Postby Tekhed » Thu Nov 25, 2010 8:03 pm

Finally got cut loose from my situation with my xHPDGF.

Ultimately during one of our “disputes” I pulled a “her”. Instead of seeming overly invested in the discussion and filling my argument with emotion, I simply detached myself while expressing clinical concern and understanding for her position. I kept my voice very quiet and relaxed. When she would call me selfish, I simply agreed and told her that I am human and this is something I need to work on and I’m willing to keep working on.
With this, her volume went up as she suddenly spewed that I’m not understanding her and that I’m not supporting her and making her feel safe. Mind you, keeping this in perspective. This is response to me shooting her a text asking when her and I might be able to sit down and reassess our relationship.

Ultimately, she went NC on me to punish me for taking back control of our argument. Whenever I would act like most couples…”…baby, I feel that…” and so on I would basically get called needy and pounced on. When I flipped the script and started acting like I was a therapist interacting with a client that has a problem (that’s not mine), she became inflamed and basically shut down on me. This is when I realized we were in a Power Struggle…nothing more or less. With a normal partner I would seek equilibrium, but with her and all of our past struggles and demands for me to change (into her pet), there was no way I could balance this.
At one point when I was attempting to placate her while paying my two-hour “apology tax”…she asked me if I was willing to become a p&*ssy…because that’s what I would have to become in order to be the man she wanted to be with. Little did I know at the time that she was being literal in her expression, but I now realize that she was being very specific…and yes, that’s exactly what she wanted (in order to control me). I’m 5’9”, weigh 200 lbs and I’m very athletic…get the picture?? She wanted to own my soul.

Conclusion:

I figured out that she hates arguing with someone who mirrors her tactics. So, when healthy couples will wear their feelings on their sleeve during a disagreement or spat, and communicate to resolve issues, she goes “therapist” on me and makes it look like she’s in control of her emotions and feelings. I did the same and she went absolutely cold on me…I dumped her for good. When she went NC on me, I think she was punishing me for taking control of the last discussion and not being an emotional creature.
I’m thinking this last attempt to cut my ties has finally worked.

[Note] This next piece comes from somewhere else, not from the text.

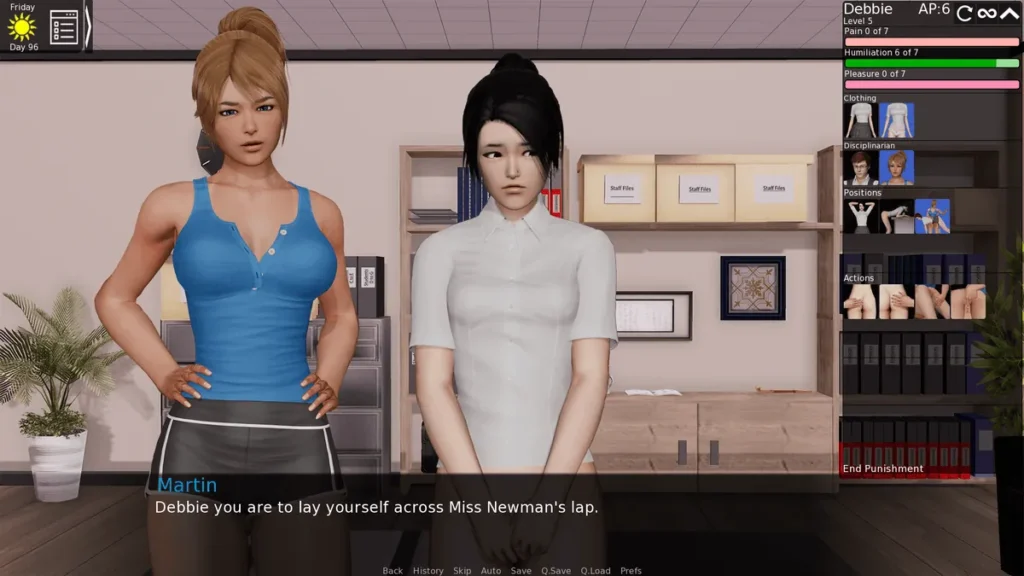 - Ruth’s Conditions: This is a cornerstone of the discipline mechanics in the Headmaster game. To perform a spanking, which is a major source of Discipline points and grade boosts for a specific girl, you must first get Ruth, the stern assistant, to agree. The typical Ruth conditions in Headmaster involve catching a girl violating a specific, active school rule. You can’t just make up reasons; you need proof. This means strategically implementing a rule (like “No Talking in Halls”) and then personally witnessing a girl break it.

I’ve employed the following TTPs (Tactics, Techniques, and Procedures):

-In arguments…detach, treat him/her like they are a patient. Treat them with respect, but remain distant from their problems.

-If you wanna see where you stand with him/her…become passive for a couple arguments. Allow your partner to have “power” to see if they will help you or kick you when you express your feelings about an issue. Mine destroyed me and did whatever she could to highlight my neediness. I was simply asking why she was being distant one day…odd how it turned into what it ended up as.

-When I broke up with her, I shot her an email outlining the drama so she could see for herself and also know that I’ve been fully aware of the craziness

-Told her about this forum (so she can read all the stories that mirrored our relationship). I figured this would threaten her ego and force her to hate me and seek a more naïve source.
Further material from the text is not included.